▶ _ABOUT THIS EXERCISE_:
Each entry below must be repeated exactly, with pictures left out.
===== ENTRIES SHOWN
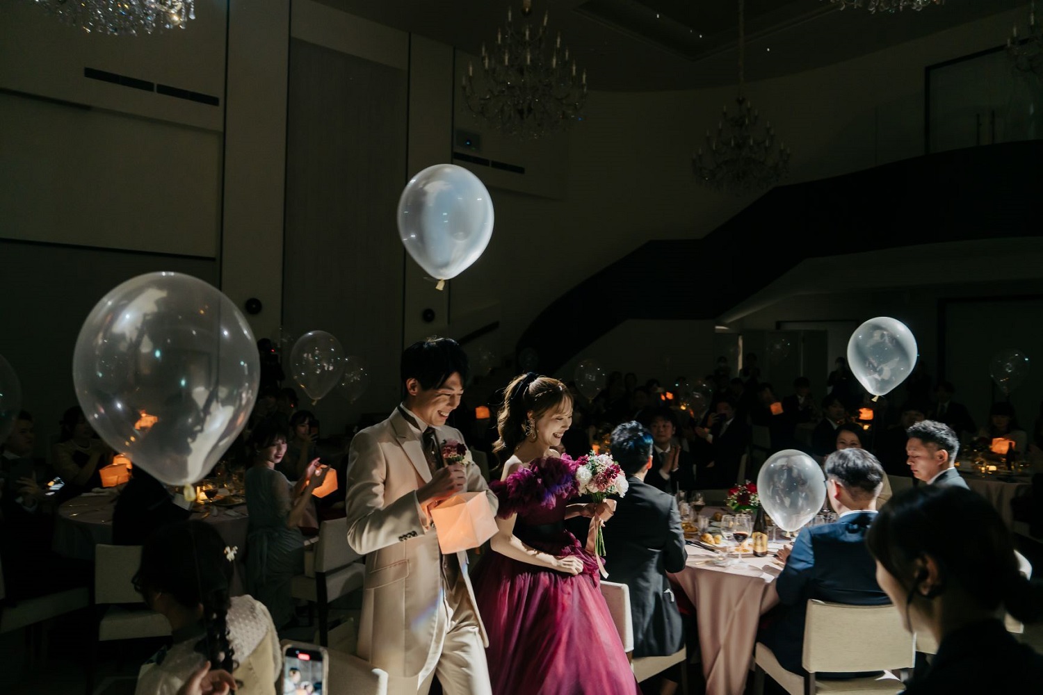お色直し後のご登場は、ご新婦様の憧れであった階段からの入場。さらに、おふたりが思い入れのある映画をイメージしたバルーンランタンの演出は、ゲストと一緒につくりあげたロマンティックなシーンとなりました。受付からご用意いただいていたおふたりの幼少期の写真当てクイズはゲスト参加型で行われ、大盛り上がり。さらに、ゲストへのサプライズとしてデザートビュッフェもご用意され、皆様と一緒にたくさんのお写真を撮ることができる嬉しい時間となりました。結びには、ご新婦様からお母様へ向けて、これまでの感謝の気持ちを込めたお手紙が贈られ親子の絆を感じる感動的なシーンに。大切なゲストと過ごした一日は、おふたりらしさがたくさん詰まった温かくてアットホームな時間となりました。
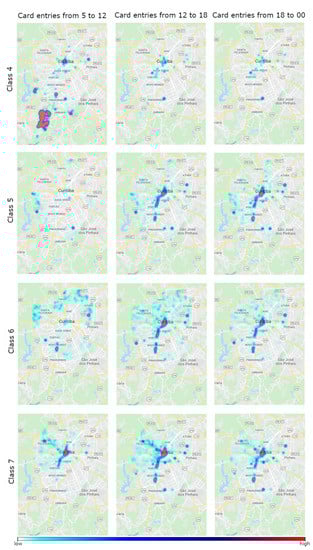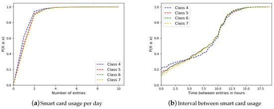 For all classes, the vast majority of smart card users use the system only twice a day (more than 80%—Figure 5a), with an interval of more than 10 h between these uses (Figure 5b). This underscores the hypothesis that public transit users use the system for displacements for specific purposes, such as going to work.
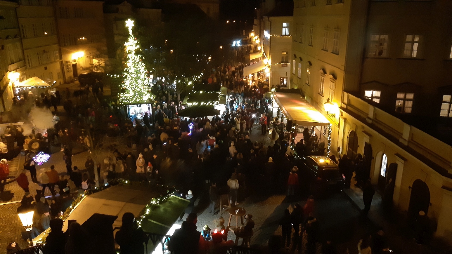 Program začal odpoledne, kdy z Malostranského náměstí vyšel průvod Mikulášů, andělů a čertů, který se přesunul na náměstí Na Kampě. Tato tradiční mikulášská skupina navodila slavnostní atmosféru a přivítala návštěvníky přicházející na vánoční akci. Následovalo slavnostní rozsvícení vánočního stromu, které symbolicky zahájilo předvánoční oslavy.
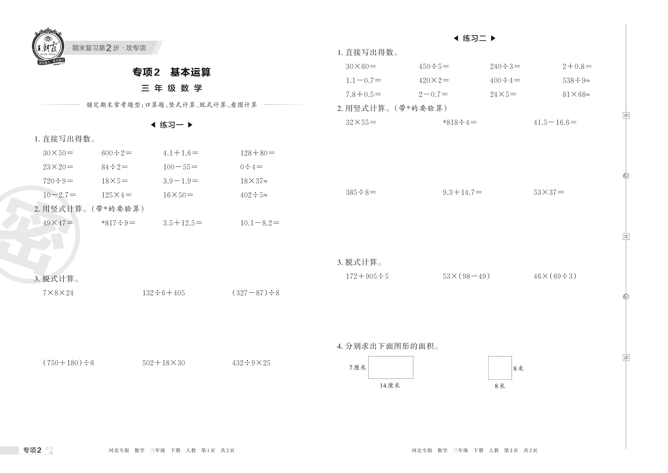 王朝霞期末专项卷——基本运算三年级下册数学(人教版)【2】
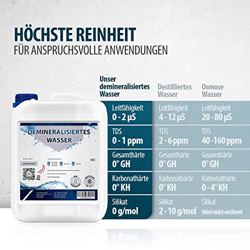 - HOHE QUALITÄTSPARAMETER: Leitfähigkeit 0 – 2 μS, TDS 0 – 1 ppm, Gesamthärte 0° GH, Karbonathärte 0° KH, Silikat 0 g/mol.
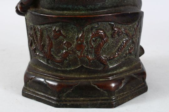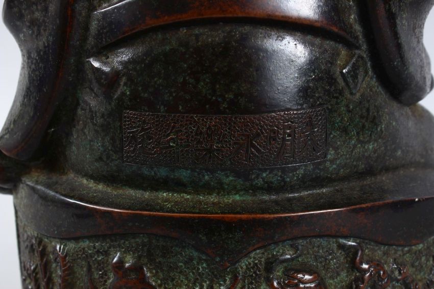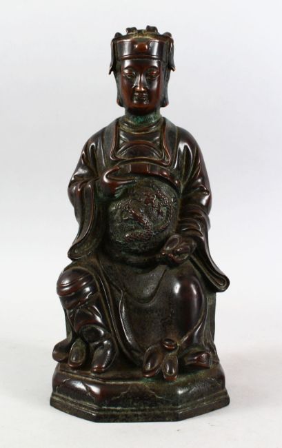 A GOOD CHINESE 19TH / 20TH CENTURY BRONZE FIGURE OF A SEATED EMPEROR, the bronze modelled seated with a carving in his left palm and holding aloft his gown to reveal a dragon, the reverse with moulded dragons, and bearing a six character Yong le mark, 38.5cm high x 18cm wide x 15.8cm deep.
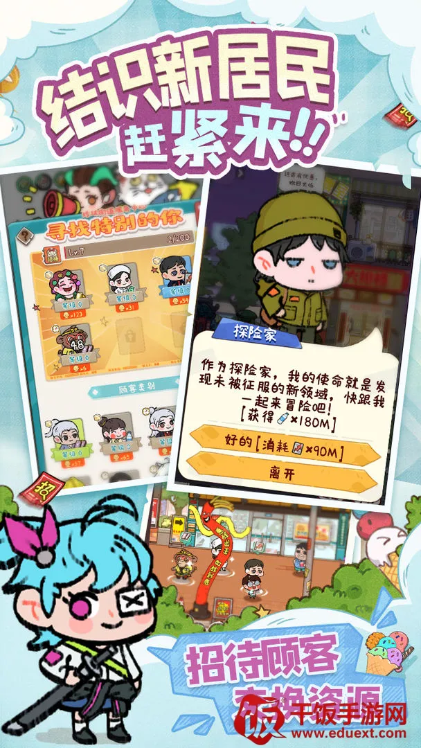 游戏画风精致卡通,视觉效果超棒,还有各种美食等你解锁,丰富游戏体验。国风背景音乐,更是营造出惬意氛围。玩法简单易上手,点击就能推进游戏。能解锁各种店铺设备,增加游戏乐趣,还能招募个性员工提高经营效率。另外,还有独特的手账式烹饪玩法。在游戏里,你能建造大排档、棋牌室等特色店铺,遇见不同顾客,倾听他们的故事,一起让商业街变得更繁华。快来下载,开启你的美食经营之旅吧!
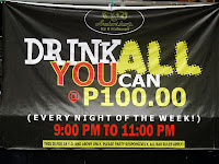 Por la tarde nos vamos al centro comercial Robinson donde compramos los billetes para Bohol (Supercat, la compañía más rápida y más cara:550 pesos por barba), un corta uñas (58 pesos) y donde tomamos zumos naturales (Emili zumo de buko, o sea coco natural, 30 pesos). Volvemos a cenar al restaurante del hotel, comida japonesa, buena y bonita, un vino tinto español bastante regular. Al final todo sale por 700 pesos (400 pesos el vino). Salimos de copas, más copas y más copas. Creemos recordar que el primer pub se llama “número 12”…
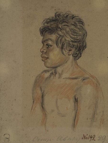 - Бумага коричневая, уголь, сангина, мел. 14,8 x 11,4
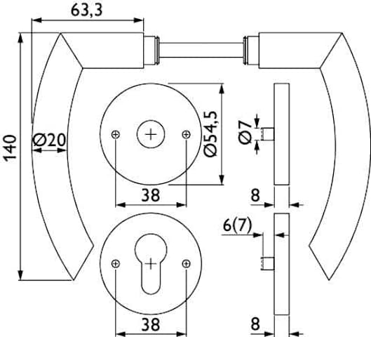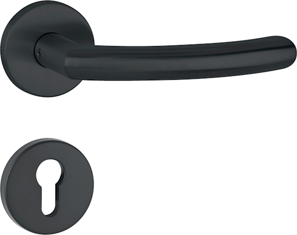 ZT-Drückergarnitur 1804 BASIC 04 - Klasse 3 | mit Rosetten 2273 K | Ausf.: PZ | mit Rückholfeder, Türstärke 38 - 42 mm | Oberfl. 74 (Classic Black, ähnl. RAL 9005)
==========
▶ _ANSWER BOX_:
お色直し後のご登場は、ご新婦様の憧れであった階段からの入場。さらに、おふたりが思い入れのある映画をイメージしたバルーンランタンの演出は、ゲストと一緒につくりあげたロマンティックなシーンとなりました。受付からご用意いただいていたおふたりの幼少期の写真当てクイズはゲスト参加型で行われ、大盛り上がり。さらに、ゲストへのサプライズとしてデザートビュッフェもご用意され、皆様と一緒にたくさんのお写真を撮ることができる嬉しい時間となりました。結びには、ご新婦様からお母様へ向けて、これまでの感謝の気持ちを込めたお手紙が贈られ親子の絆を感じる感動的なシーンに。大切なゲストと過ごした一日は、おふたりらしさがたくさん詰まった温かくてアットホームな時間となりました。
 For all classes, the vast majority of smart card users use the system only twice a day (more than 80%—Figure 5a), with an interval of more than 10 h between these uses (Figure 5b). This underscores the hypothesis that public transit users use the system for displacements for specific purposes, such as going to work.
 Program začal odpoledne, kdy z Malostranského náměstí vyšel průvod Mikulášů, andělů a čertů, který se přesunul na náměstí Na Kampě. Tato tradiční mikulášská skupina navodila slavnostní atmosféru a přivítala návštěvníky přicházející na vánoční akci. Následovalo slavnostní rozsvícení vánočního stromu, které symbolicky zahájilo předvánoční oslavy.
 王朝霞期末专项卷——基本运算三年级下册数学(人教版)【2】
 - HOHE QUALITÄTSPARAMETER: Leitfähigkeit 0 – 2 μS, TDS 0 – 1 ppm, Gesamthärte 0° GH, Karbonathärte 0° KH, Silikat 0 g/mol.
 A GOOD CHINESE 19TH / 20TH CENTURY BRONZE FIGURE OF A SEATED EMPEROR, the bronze modelled seated with a carving in his left palm and holding aloft his gown to reveal a dragon, the reverse with moulded dragons, and bearing a six character Yong le mark, 38.5cm high x 18cm wide x 15.8cm deep.
 游戏画风精致卡通,视觉效果超棒,还有各种美食等你解锁,丰富游戏体验。国风背景音乐,更是营造出惬意氛围。玩法简单易上手,点击就能推进游戏。能解锁各种店铺设备,增加游戏乐趣,还能招募个性员工提高经营效率。另外,还有独特的手账式烹饪玩法。在游戏里,你能建造大排档、棋牌室等特色店铺,遇见不同顾客,倾听他们的故事,一起让商业街变得更繁华。快来下载,开启你的美食经营之旅吧!
 Por la tarde nos vamos al centro comercial Robinson donde compramos los billetes para Bohol (Supercat, la compañía más rápida y más cara:550 pesos por barba), un corta uñas (58 pesos) y donde tomamos zumos naturales (Emili zumo de buko, o sea coco natural, 30 pesos). Volvemos a cenar al restaurante del hotel, comida japonesa, buena y bonita, un vino tinto español bastante regular. Al final todo sale por 700 pesos (400 pesos el vino). Salimos de copas, más copas y más copas. Creemos recordar que el primer pub se llama “número 12”…
 - Бумага коричневая, уголь, сангина, мел. 14,8 x 11,4
 ZT-Drückergarnitur 1804 BASIC 04 - Klasse 3 | mit Rosetten 2273 K | Ausf.: PZ | mit Rückholfeder, Türstärke 38 - 42 mm | Oberfl. 74 (Classic Black, ähnl. RAL 9005)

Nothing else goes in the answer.